Recent media coverage of “red carpet” events and “fashions in the field” shows how much attention is still paid to what women wear. But while fashion is often portrayed as a product of women’s vanity or self-indulgence, the forces driving female fashion have long involved male influence, whether through design, media, or social expectations.

This dynamic was already evident in the 1880s, when newspapers commented critically on women’s dress.
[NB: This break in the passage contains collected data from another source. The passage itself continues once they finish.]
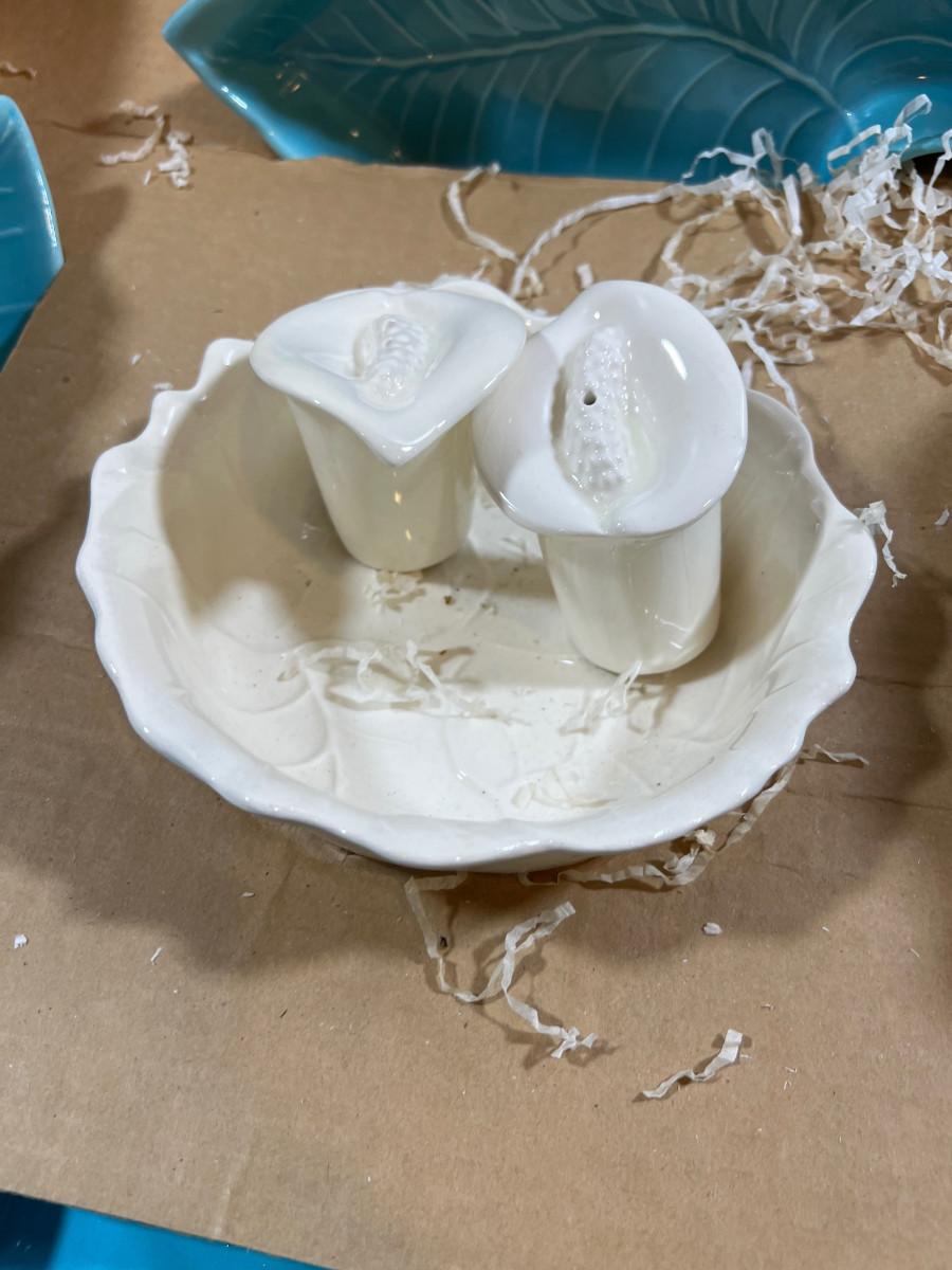 Awesome, Lazy Susan with Salt and Pepper, Turquoise Leaf, Never Used.
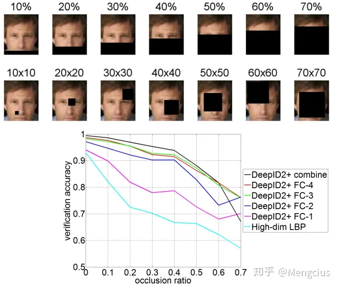 一般遮挡率越高,性能越低。用两种手工遮挡方式,对比其他方法,DeepID2+鲁棒性较好。当使用所有四个监督时最鲁棒。尽管特征是在没有人为遮挡的图像上训练的net上提取的,但是却自动地学习到了对遮挡鲁棒的特征。
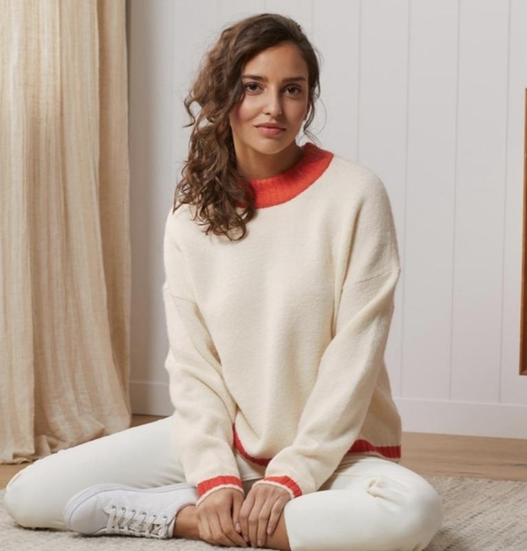 🌿молочный свитер с яркими манжетами свободного кроя, ткань мягкая, приятная на ощупь, содержит шерсть 8% Размер:L Замеры:ПО груди 61 см, длина 56 см, рукав от горловины 72 см
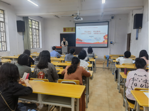 为进一步落实好学习贯彻习近平新时代中国特色社会主义思想主题教育,6月7日下午,外语学院党总支书记肖红香以“‘不忘初心 牢记使命’---认真学习《党章》,积极履行党员义务”为题在6107为外语学院全体党员讲专题党课,引导全体党员认真学习《党章》,积极履行党员义务。
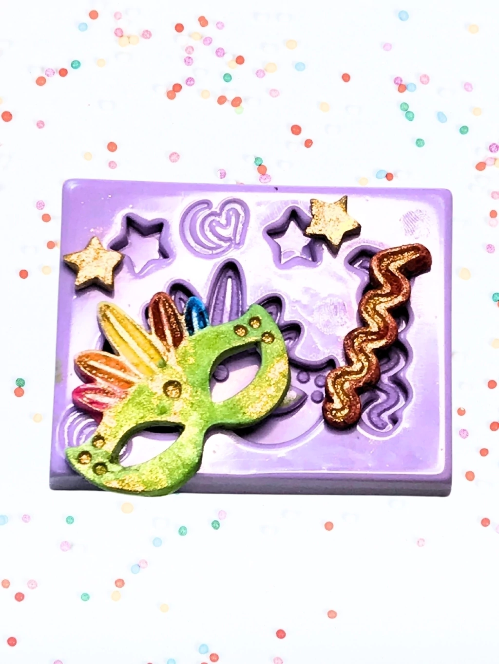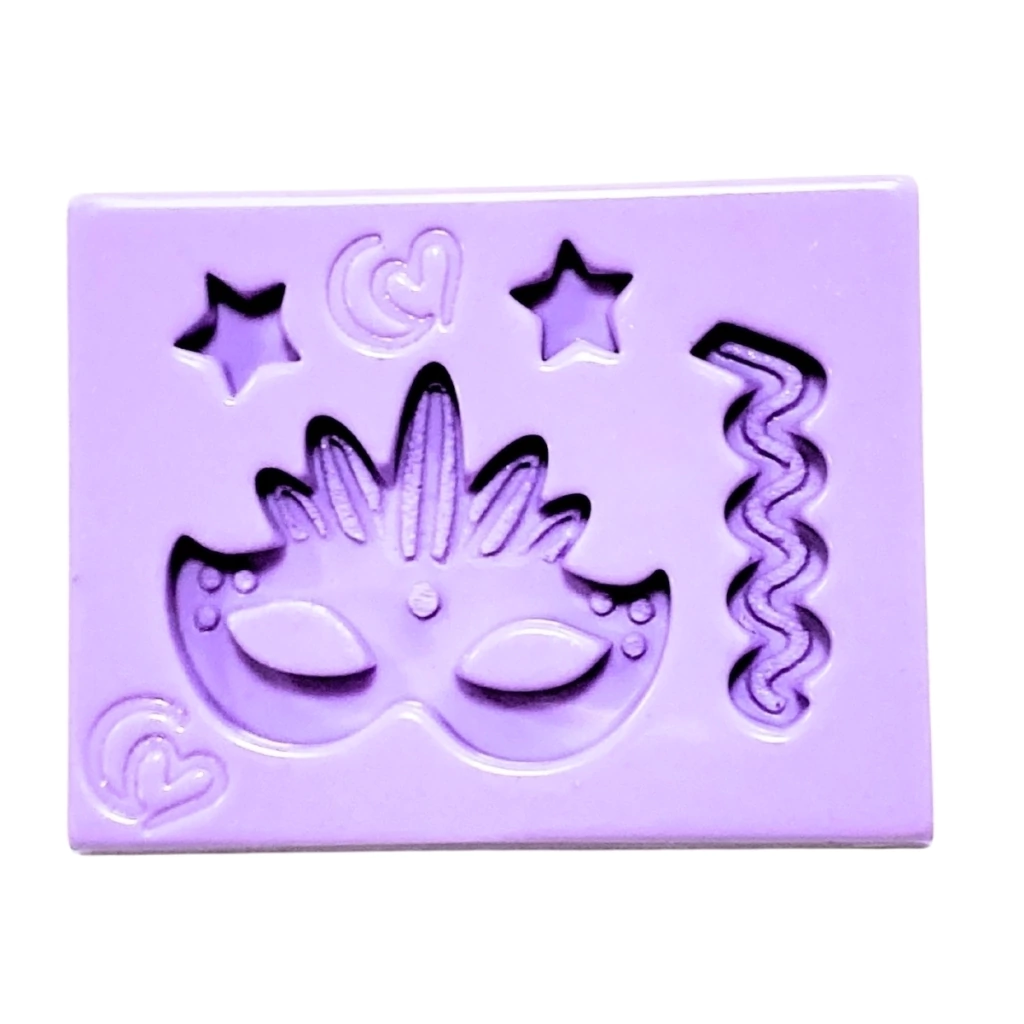 Tamanho interno aproximado: 2,5 x 4 cm (máscara) / 3 x 1 cm (serpentina) / 1 cm (estrelas)
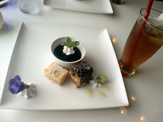 デザートは、ブルーベリーゼリー、アップルパイ、チョコレートケーキの三種盛り。
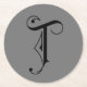 Elegant Letter T Monogram Black on Grey Round Paper Coaster
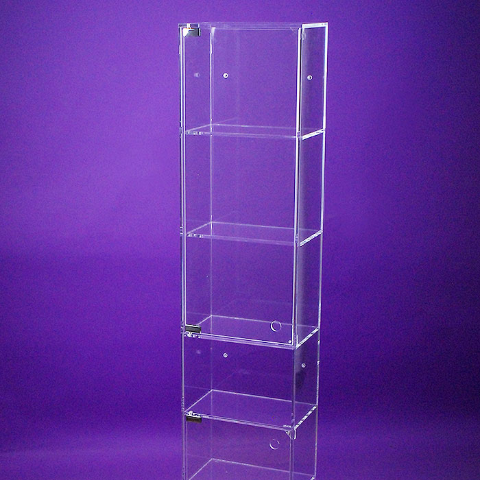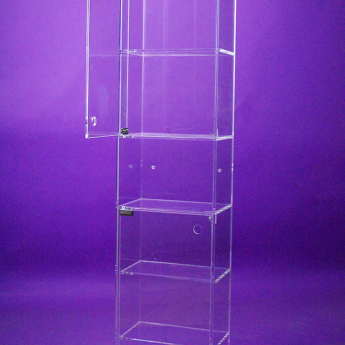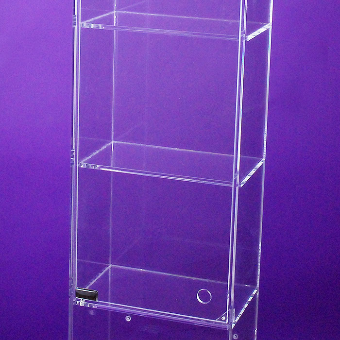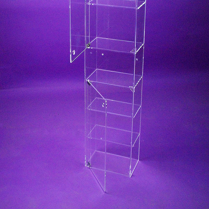 Fabricado con placas de metacrilato transparente alto espesor (Plexiglas-pmma), refuerzo metálico esquineros. Elegante diseño minimalista, sin pomos ni asas. Realizado en un único módulo con 8 huecos.

The following article from The Daylesford Advocate of 11 February 1882 reveals how such commentary often blamed women for fashion excesses that were, in part, shaped by the very society judging them.

From The Daylesford Advocate of Saturday 11 February 1882:

Deaths from tight lacing have been of frequent occurrence for many years past, and a few more or less, says The Lancet, can make no difference to the fashionable world.  Dr Danford Thomas, the coroner for Central Middlesex, says he is personally cognizant of four or five such painful sacrifices to an ideal conception of the human figure, which is totally at variance with fact and opposed to the laws of nature.

In the most recent case of this class recorded, an aged woman who died from syncope [Editor’s Note:  The medical term for fainting, a temporary loss of consciousness caused by a sudden loss of flow of blood to the brain] was found to have so compressed her body by tight lacing that the stomach was, as it were, divided into two portions, one being thrust upwards so as to hamper the movements of the heart, whilst the other was forced downwards.  It may be alleged that the death of a woman at 70 years of age cannot be held as evidence against the urgent evils of the practice.

We lay great stress on the case because it is clearly not available as evidence of urgency.  It is rather significant as a proof of the injury which the human body will endure without the extinction of life.  It cannot be pretended that a stomach ought to be compressed as this woman’s had been.  She lived on in spite of the maltreatment to which her figure was subjected in the interests of fashion.

It cannot therefore be argued that, inasmuch as the deaths from tight lacing are not so numerous as they might be, no serious harm is done.  It is evident that extra violence may be used, and grave mischief may be done by tight lacing even when the victims of this stupid and baneful practice are not killed outright.

Many of the maladies to which women are subjected are the direct consequences of their habits, and the vagaries of dress and the artifices of the toilet are among the most pernicious.  Although it is vain to argue with women, the facts must be stated, however little may be their influence on the female mind by vanity distraught.